Temporal variation of C and N turnover in soil after oilseed rape straw incorporation in the field: simulations with the soil-plant-atmosphere model DAISY

The Soil Organic Matter submodel of the soil-plant-atmosphere model DAISY was evaluated using data from one year field trials with and without incorporation of 8 t ha−1 rape straw into the soil. Periodic measurements of soil microbial biomass (C and N), mineral N and light particulate soil organic matter in the top 15 cm of the soil, and of soil CO2-evolution were made. The simulation of the temporary pattern of soil microbial biomass and mineral N was improved markedly by systematic modification of the default turnover rate coefficients, the substrate utilization efficiencies and the initial levels of soil microbial biomass. Metabolic quotients (qCO2) turnover rates of microbial biomass and substrate utilization efficiencies derived from the parametrization of the model were evaluated against literature data. The soil microbial biomass seems to be associated with the production of temporarily protected microbial residual products.

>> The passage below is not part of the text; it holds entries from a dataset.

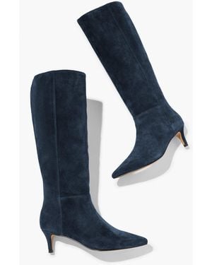 Perla Tall Suede Block Heel Boots- Extended Calf - Brown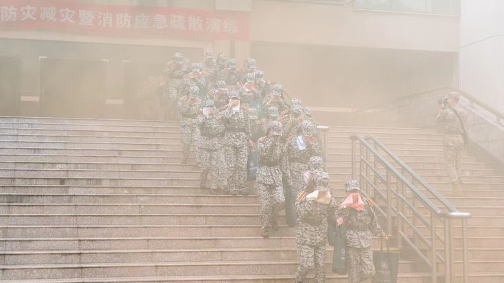 疏散开始前,军训教官对2023级全体新生进行消防安全培训,重点介绍了常见火灾的扑救方法、紧急情况的疏散逃生技巧以及日常预防火灾发生基本常识。随后,一声令下,疏散逃生演练开始,火灾预设地点顿时浓烟四起,“被困人员”用湿毛巾捂住口鼻、低腰疏散至安全地带,全部人员在3分钟时间内疏散完毕,火势被有效控制后扑灭,演习圆满完成。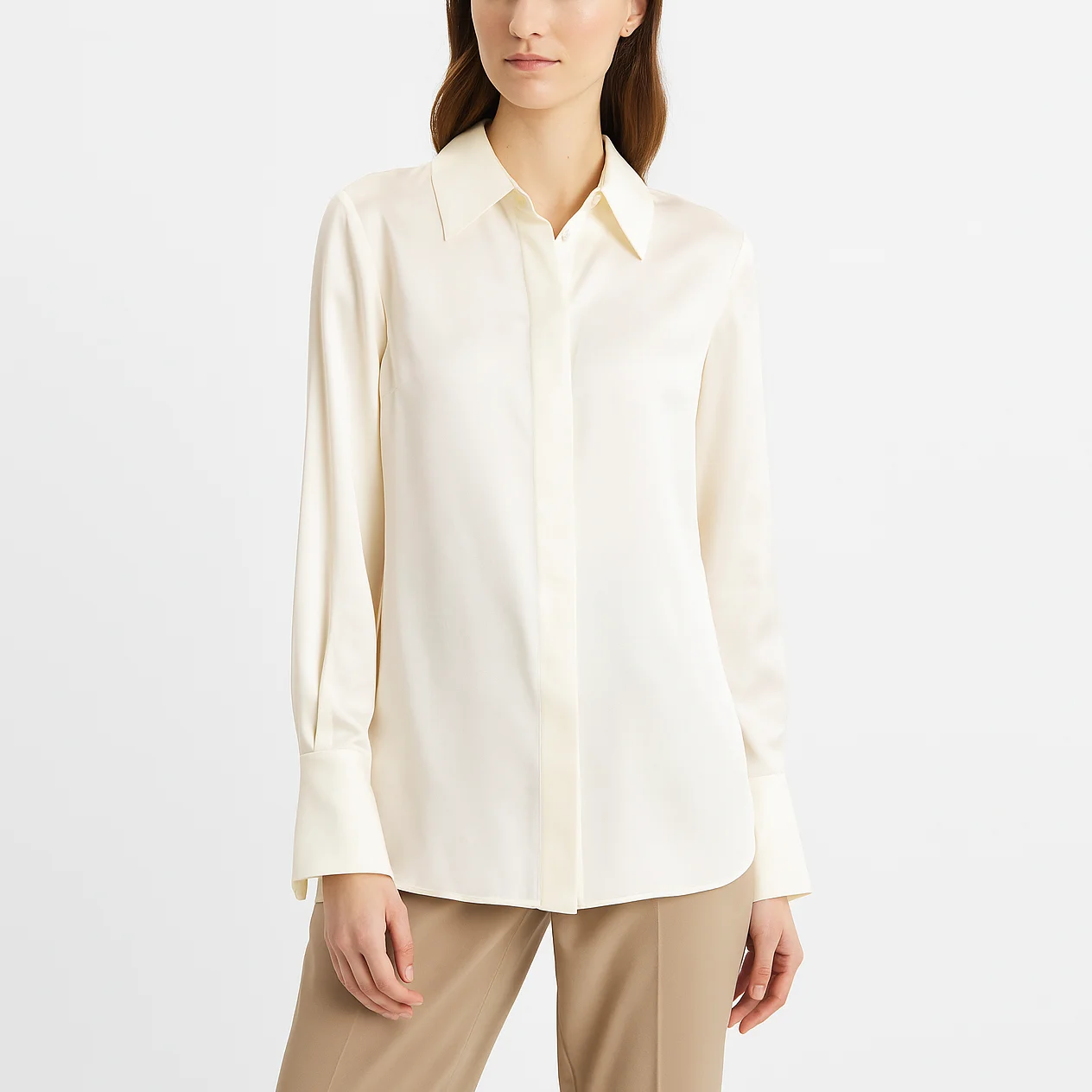 Custom High Quality Casual Satin Shirt Ladies Long Sleeve Silk Blouse for Women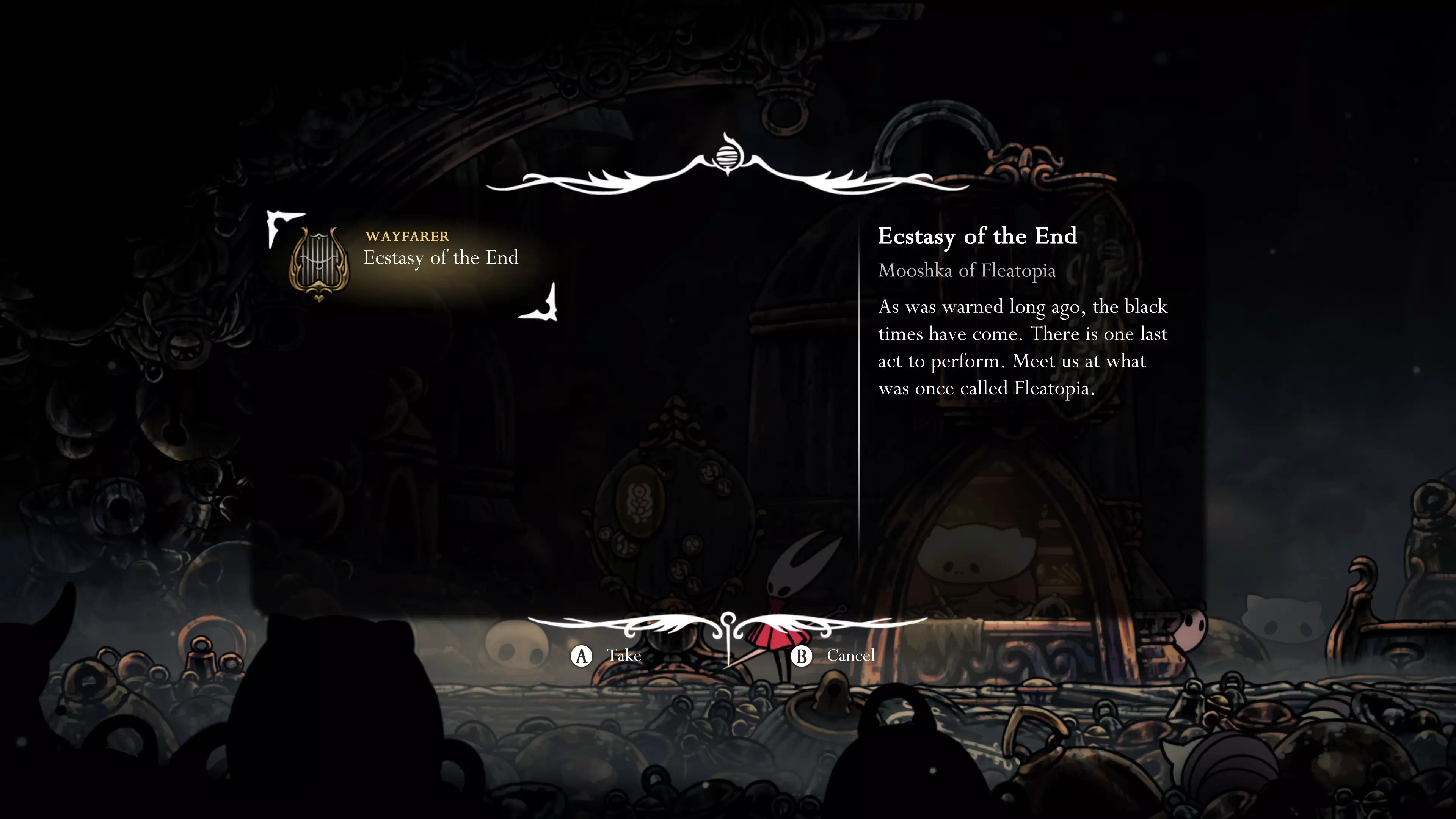 在所有迷你游戏中获胜后,跳蚤首领穆什卡会庆祝你的胜利,你将获得最后一份苍白之油。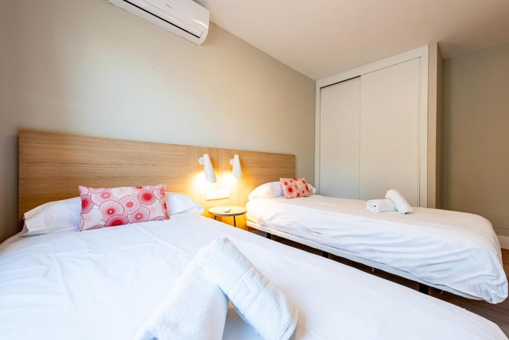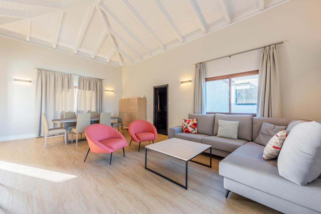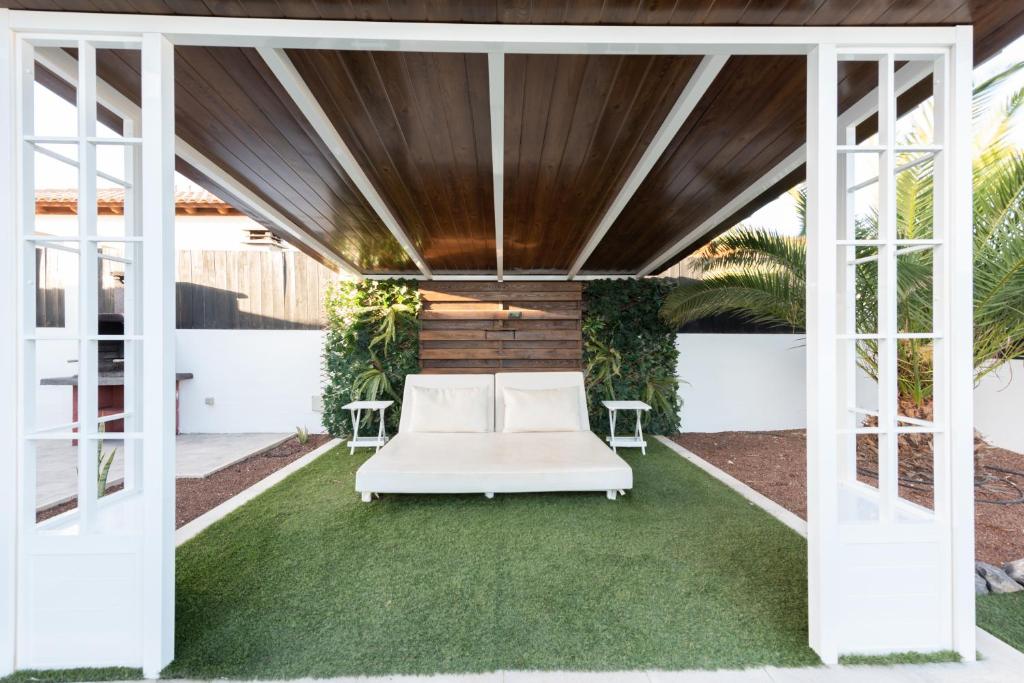 Vilele luminoase de la Ereza Villas Alicia au un dormitor dublu și un dormitor twin, ambele cu vedere la grădină. Există un living-sufragerie spațios, cu DVD player și o canapea mare.
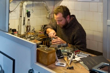 Det er mange verksteder og atelieer i sentrum her og vi gikk innom flere. Her var det klebersteinskrin, malerier, porselen og annen kunst samt en gullsmed som het Tomas Sættem. Der falt kona for en jernring med gull og diamant. Stilen var røff og det er gullsmedens eget design. Han lager ringene etterhvert som de selges og ikke to er helt like. På bildet sitter han ved benken sin og det er alltid noe å pusle med. Er du innom Son så besøk verkestedet hans.Han fikk en ring mindre i utstillingen og lommeboka mi ble virtuelt lettere. Plastpenger veier ikke så mye lenger:-)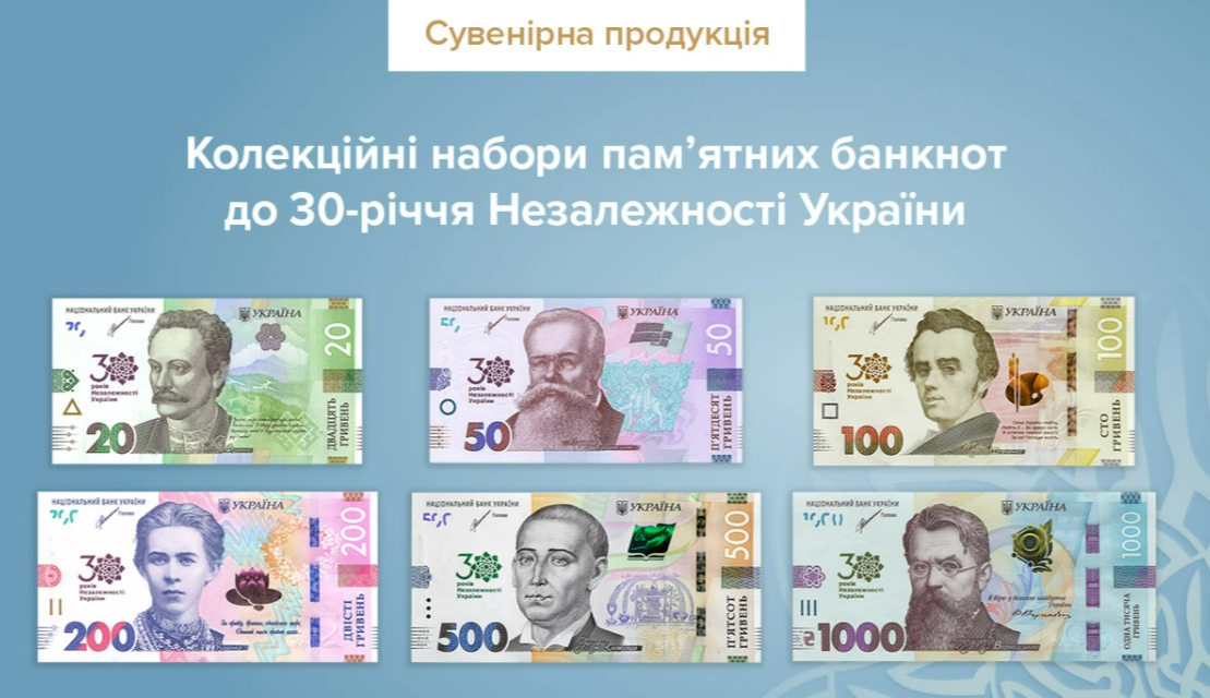 Национальный банк Украины 17 января 2022 года выпускает коллекционные наборы памятных банкнот к 30-летию Независимости Украины в кляссерах (2 000 штук) и конвертах (3 000 штук).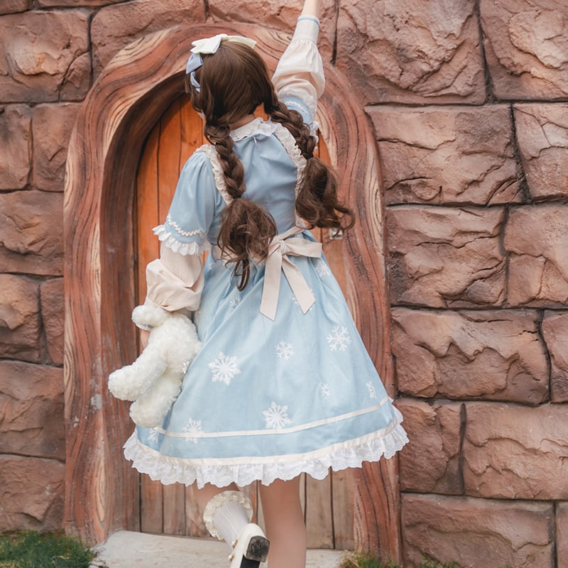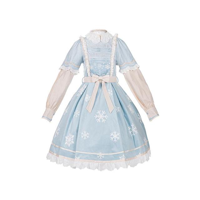 Looking for a dress that will make you stand out from the rest? Look no further than the Kawaii Printed Pleated Fake Two Pieces Set Lolita Dress! This unique and stylish dress is perfect for any fashion-savvy girl. Made of high-quality materials, it is sure to be comfortable and durable. The Snowflake printed pleated design is eye-catching and sure to turn heads.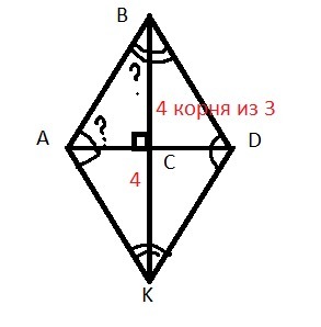 Гипотенуза равна 4, катет 2, поэтому угол, лежащий напротив катета, равен 30 °. Так как диагонали делятся под прямым углом, то угол ACB = 90°. Найдем угол ВАС, угол ВАС = 90° - 30° = 60°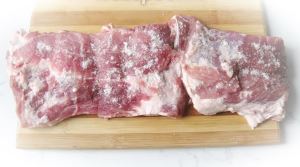 Свиную шейку помыть и разрезать по кругу. Должен получиться пласт мяса. Его нужно посолить и поперчить по вкусу.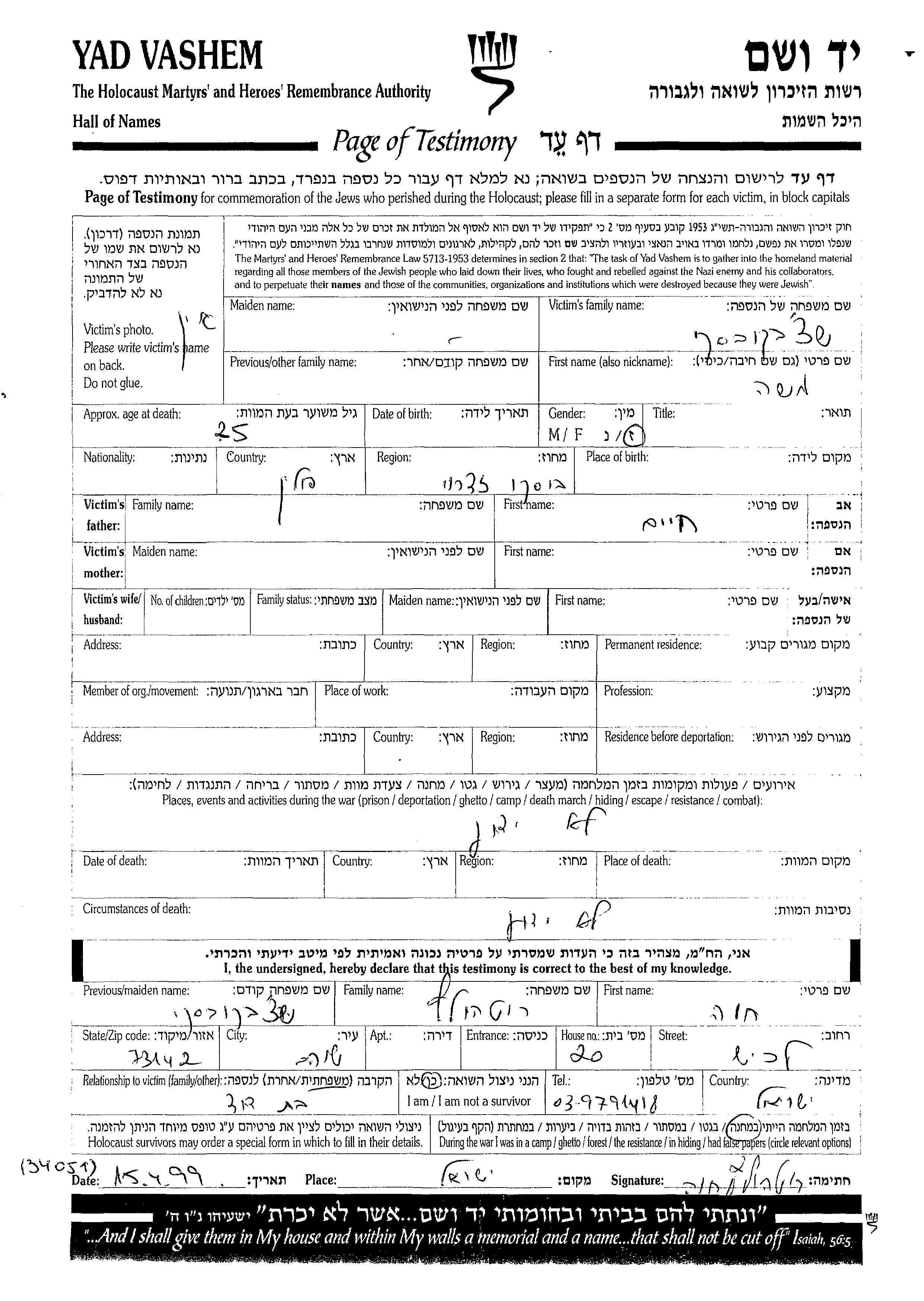 Yad Vashem - Pages of Testimony Names Memorial Collection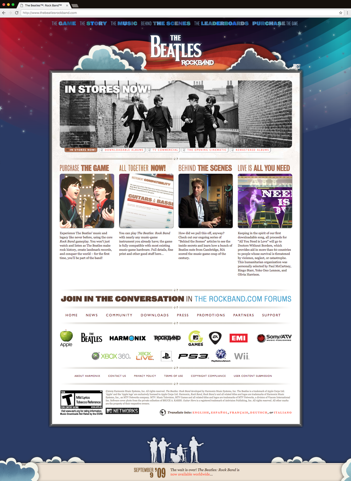The site went live with the launch of the full site on September 9th, 2009, day and date with the game itself. Thanks to the team’s dedication, the end result can best be described as a love letter to the most influential band of all time. In the spring of 2010, after three consecutive years with a nomination, the team’s achievement would be recognized with a Webby Award. Sadly, the site was sunset in 2016 during a consolidation of the Rock Band brand.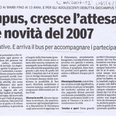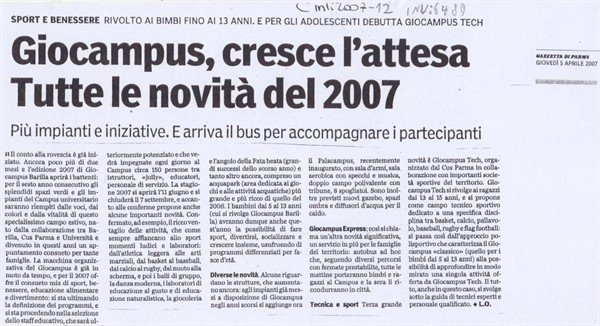 Giocampus, cresce l’ attesa. Tutte le novità del 2007. Più impianti e iniziative. E arriva anche il bus per accompagnare i partecipanti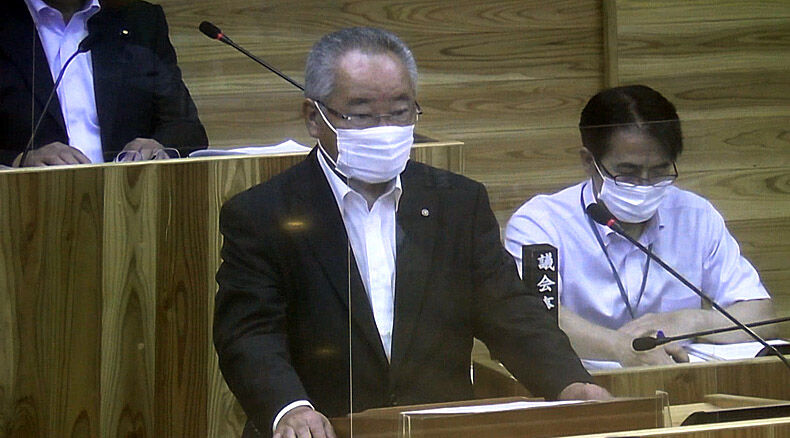 補助金不正請求の再発防止策などについて、一般質問で答弁する荒木耕治町長(2022615日、屋久島町議会、町役場内の議会中継モニター画面を撮影)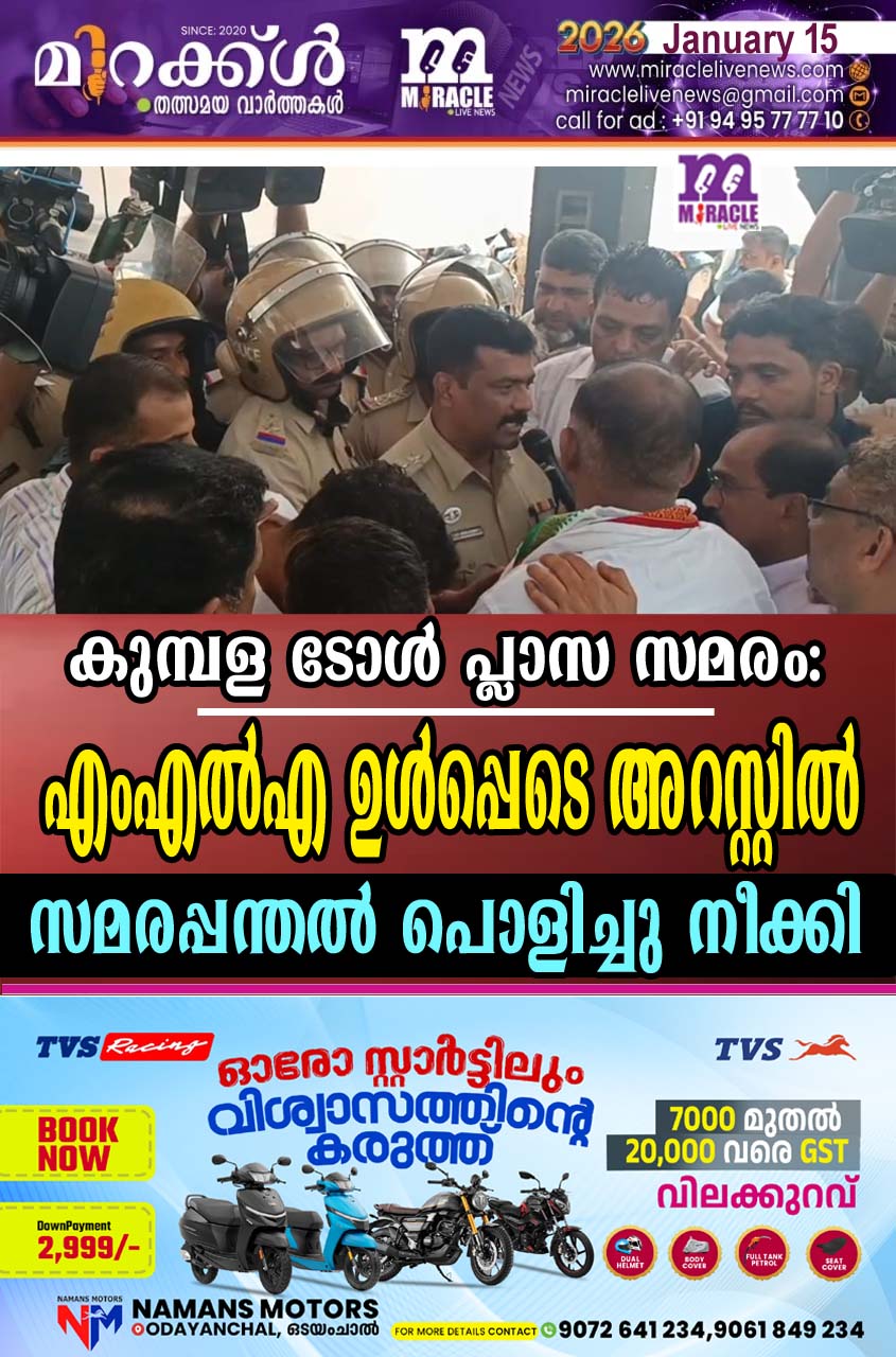 എകെഎം അഷ്റഫ്, സിപിഎംകുമ്പള ഏരിയാ സെക്രട്ടറി സിഎ സുബൈറും ഉള്പ്പെടെയുള്ള 15 ഓളം പ്രതിഷേധ സമരക്കാരെ സര്കോട് ഡിവൈഎസ്പി. സി കെ സുനില്കുമാറിന്റെ നേതൃത്വത്തിലുള്ള പോലീസ് സംഘംഅറസ്റ്റു ചെയ്തു നീക്കി. എംഎല്എയെ കാസര്കോട് എ ആര് ക്യാമ്പിലേക്കും സിഎ സുബൈറിനെയും കുമ്പള പഞ്ചായത്ത് പ്രസിഡന്റ് വിപി അബ്ദുല് ഖാദര് ഹാജി, ബ്ലോക്ക് പഞ്ചായത്ത് സ്റ്റാന്റിംഗ് കമ്മിറ്റി ചെയര്മാന് അഷ്റഫ് കാര്ളെ, എ.കെ ആരിഫ്, കോണ്ഗ്രസ് നേതാവ് ലക്ഷ്മണ പ്രഭു തുടങ്ങിയവരെ കുമ്പള പൊലീസ് സ്റ്റേഷനിലേക്കും മാറ്റി. അറസ്റ്റിനു ശേഷം ടോള് പ്ലാസയ്ക്ക് സമീപത്ത് കെട്ടിയ സമരപന്തല് പോലീസ് പൊളിച്ചു നീക്കി. സമരം നിര്ത്തില്ലെന്നും സമര സമിതിയോഗം ചേര്ന്ന് ഭാവി സമര പരിപാടികളെ കുറിച്ച് ആലോചിക്കുമെന്നും എകെഎം അഷ്റഫ് എംഎല്എ അറിയിച്ചു.

The production of these residuals might be responsible for the nitrogen immobilization observed after incorporation of rape straw. In the early stage of rape straw decomposition, measured carbon in light particulate soil organic matter seemed to be represented by one of the added organic matter pools simulated in the DAISY model. We propose that turnover rate coefficients of microbial biomass and added organic matter obtained by fitting a model to measured values may be used as a tool to characterize the physiological state of microbial populations in their natural environment.